I wanted to share a little bit about how I promoted my haunt this year. It was a multi-pronged approach, but it did seem to work quite well. Despite the hurricane Sandy related rains we got way more visitors than ever before.

It all started with a false mythology I wrote for my neighbourhood. I wanted my area to have its own 'ghost story', so I went to the local historical society, gathered some old photographs and info, and then wrote my tale.

I then turned it into a mockumentary that I think is pretty convincing. Have a watch.

The Butcher of Provincetown - Origin Story on Vimeo

We passed out flyers at our local summertime fair and asked people if they knew the haunted history of the neighbourhood. We'd then point them to the film, and ask them to sign up for the Facebook page.

Getting people to 'like' us was key, because it was the best way to stay in touch with the audience. I worked very hard to tease the audience with images, poems, and video promos throughout the year. Here are some examples.






Promotional [email protected]@[email protected]@offsite=true&lang=en-us&page_show_url=%2Fphotos%2Fbradgoodspeed%2Fsets%2F72157631960919295%2Fshow%2F&page_show_back_url=%2Fphotos%2Fbradgoodspeed%2Fsets%2F72157631960919295%2F&set_id=72157631960919295&[email protected]@[email protected]@[email protected]@[email protected]@%2Fphotos%2Fbradgoodspeed%2Fsets%2F72157631960919295%2Fshow%2F&page_show_back_url=%2Fphotos%2Fbradgoodspeed%2Fsets%2F72157631960919295%2F&set_id=72157631960919295&jump_to=

The best way to see all the stuff we did is to check out the Facebook page itself, on which we never broke character.
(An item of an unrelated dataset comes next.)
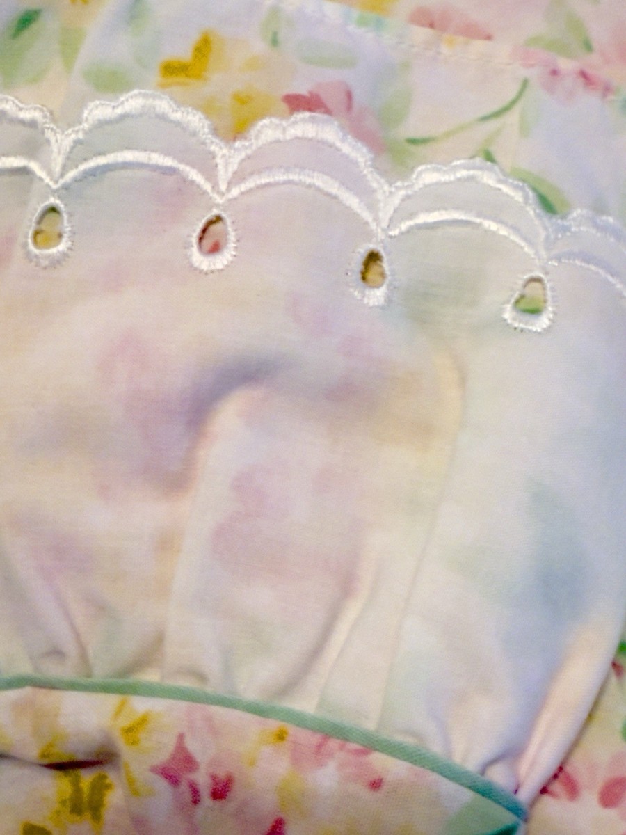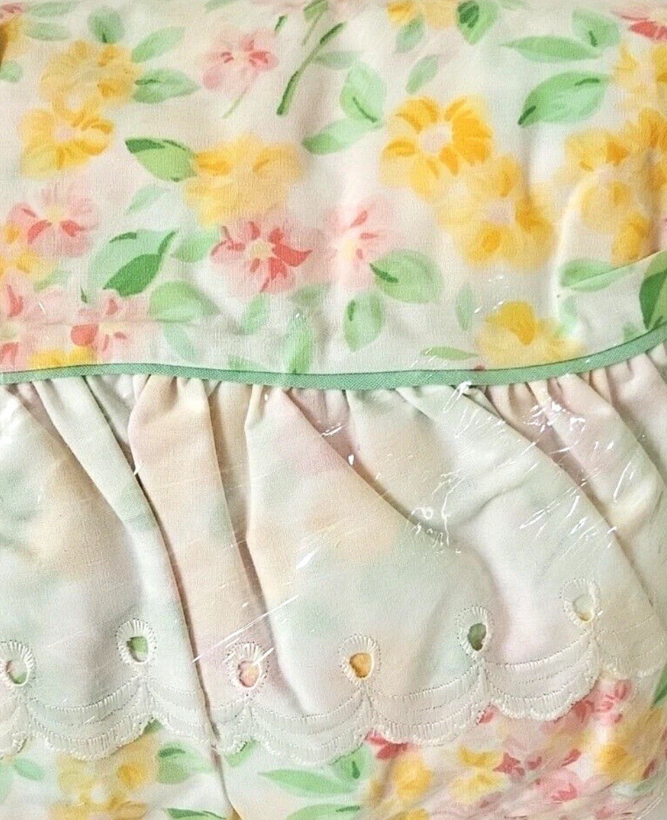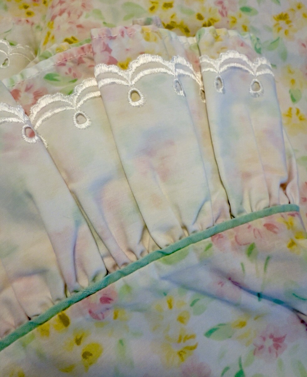 The Westpoint Stevens Garden Estates Sarah Twin Sheet Set in Pink Floral Eyelet Lace is a vintage-style bedding set perfect for a romantic-themed bedroom. Made from a cozy cotton blend material, this set includes a pillowcase, fitted sheet, and flat sheet, all featuring a beautiful floral pattern and eyelet lace detailing. Ideal for all seasons, this set is designed to add a touch of elegance and charm to any twin-sized bed. Made in the United States during the 1990s, this collectible sheet set from Garden Estates is a timeless addition to any bedroom decor.

https://www.facebook.com/ButcherofProvincetown

The idea we tried to create was that the nearby Rouge Valley was haunted, and that the evil creatures that lived within were planning a return to our suburban neighbourhood on Halloween.

To support this idea, we created a fictional character (played by my friend Shawn) who served as a local loon/conspiracy theorist - someone who was trying to warn everyone about what was going to happen on Halloween.
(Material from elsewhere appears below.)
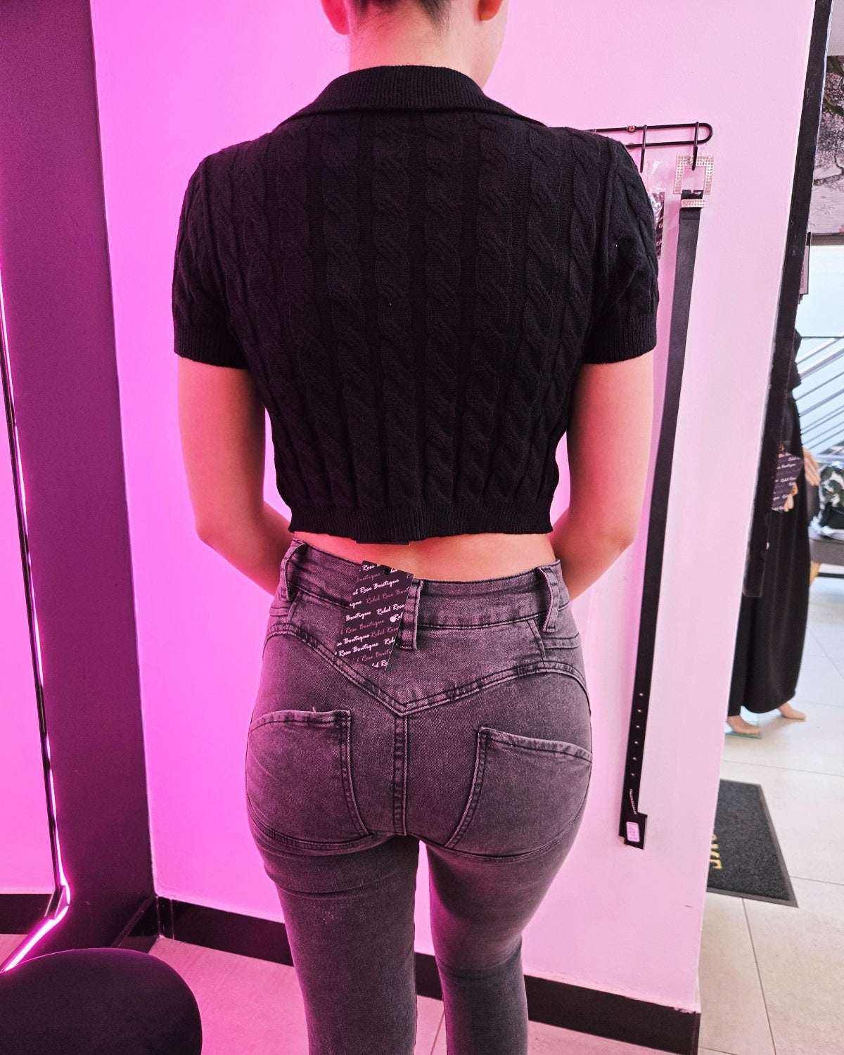 Black cable style knit collar crop top.

We called this character Harlan Pitfield, and we created a Facebook account, YouTube channel, and blog for him. The blog was updated daily for months before we unleashed the character: http://harlanpitfield.posterous.com/

Here's one of the videos I made for Harlan:






Harlan started adding friends all over Facebook and the character caught a lot of notice right before Halloween, thanks in part to this fake article I made up.

https://www.facebook.com/photo.php?....235167476556492.57605.214836458589594&type=1

A lot of people thought that both Harlan and the backstory were real, to the point that lots of people recognized Shawn at the haunt (he was our greeter) 
and MANY people were overheard discussing the backstory in the lineup.

On Halloween itself Twitter came to life with all kinds of tweets from local high-school kids who had gone through the haunt, or were about to.

I'm sure I'm forgetting lots of the things we did... there was so much. More on the whole thing on my blog: http://bradblogspeed.com/halloween-2012


----------



## BradGoodspeed (Sep 13, 2011)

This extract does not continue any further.